On September 5, 2018 a group of 14 state Attorneys General and the AG for the District of Columbia sent a comment letter to CFPB Acting Director Mick Mulvaney, urging him to refrain from “reexamining the requirements” of the Equal Credit Opportunity Act (“ECOA”). The AGs seek to preserve the interpretation that the ECOA provides for disparate impact liability.
This letter was written in response to the statement issued by the CFPB on May 21, 2018, responding to the enactment of S.J. Res. 57, disapproving of the CFPB’s Bulletin 2013-2 regarding “Indirect Auto Lending and Compliance with the Equal Credit Opportunity Act.” Through this joint resolution, Congress rejected the disparate impact theory underlying enforcement actions brought by the CFPB under the ECOA, related to auto dealer finance charge participation. Although this enactment would appear to mark the demise of such enforcement actions, recent announcements from the New York Department of Financial Services have called that conclusion into question.

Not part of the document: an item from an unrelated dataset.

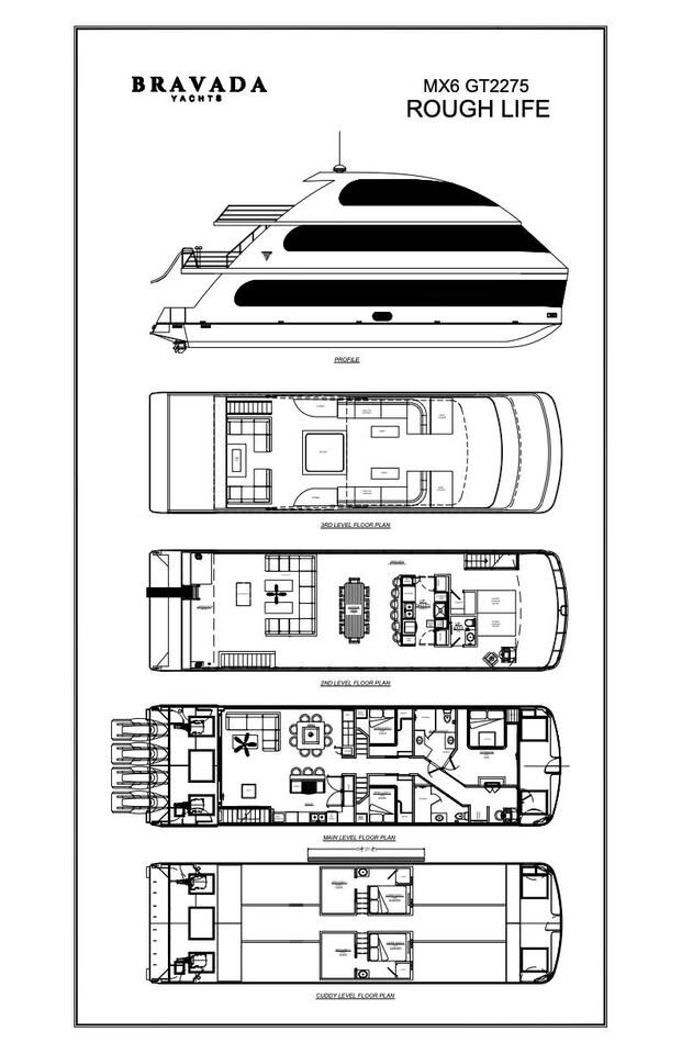 Key Features: • Custom "Reverse" Floor Plan – 75' x 22' • Accommodations: Sleeps 10 comfortably inside (up to 18 adults total) • Staterooms: 3 private staterooms + 2 lower cuddy cabins • Climate Control: 4.0-ton geothermal heating and air conditioning system • Second Level: Fully furnished with Restoration Hardware furniture • Second Level Cooling: Swamp coolers for extra comfort during warm days

In its May 21, 2018 statement, the CFPB indicated that it “will be reexamining the requirements of the ECOA” in light of “a recent Supreme Court decision distinguishing between antidiscrimination statutes that refer to the consequences of actions and those that refer only to the intent of the actor” and “the fact that the Bureau is required by statute to enforce federal consumer financial laws consistently.” (The statement presumably refers to the Supreme Court’s Inclusive Communities decision.)
Referencing the language in Regulation B and Regulation B Commentary regarding the “effects test,” the AGs argue in their letter that the regulations implementing the ECOA have continuously interpreted the statute as providing for disparate impact liability. They assert that action by the CFPB in derogation of those regulations would violate the Administrative Procedure Act.
The AGs further argue that because their states have enacted statutes modeled on the ECOA, responsibility for enforcing the statutory protections is shared among the states and the federal government, such that the CFPB cannot overturn the Supreme Court’s 2015 ruling in Inclusive Communities. The AGs state that the holding of Inclusive Communities, “dictates” that the ECOA provides for disparate impact liability, because the FHA and the ECOA contain identical language stating that it “shall be unlawful for any person . . . to discriminate against any person . . . because of race, color, religion, sex, handicap, familial status, or national origin.”
As we have observed previously, however, the Supreme Court’s conclusion in Inclusive Communities, that disparate impact liability is cognizable under the FHA, was largely based upon, “its results-oriented language, [and] the Court’s interpretation of similar language in Title VII and the [Age Discrimination in Employment Act (ADEA)].” We commented that the Court’s analysis highlights material differences between the FHA and the ECOA; namely the lack of comparable “results oriented language” in the ECOA.
The states whose AGs signed the comment letter are North Carolina, California, Illinois, Maine, Maryland, Massachusetts, Minnesota, New Jersey, New York, Oregon, Rhode Island, Vermont, and Virginia. The same group of state AGs, with the addition of the Attorneys General for Iowa and Pennsylvania, recently sent a letter to HUD urging it not to make changes to its 2013 Disparate Impact Rule in light of the holding in Inclusive Communities.
As the Supreme Court aptly recognized in Inclusive Communities, limitations on disparate impact liability are necessary to protect potential defendants from abusive disparate impact claims. The requirement of a “robust” causality requirement helps to safeguard potential defendants from claims that, in effect, seek to hold them “liable for racial disparities they did not create.” These considerations, along with the materially different language in the two statutes, raises substantial questions as to how persuasive the CFPB will find the arguments presented by the state AGs.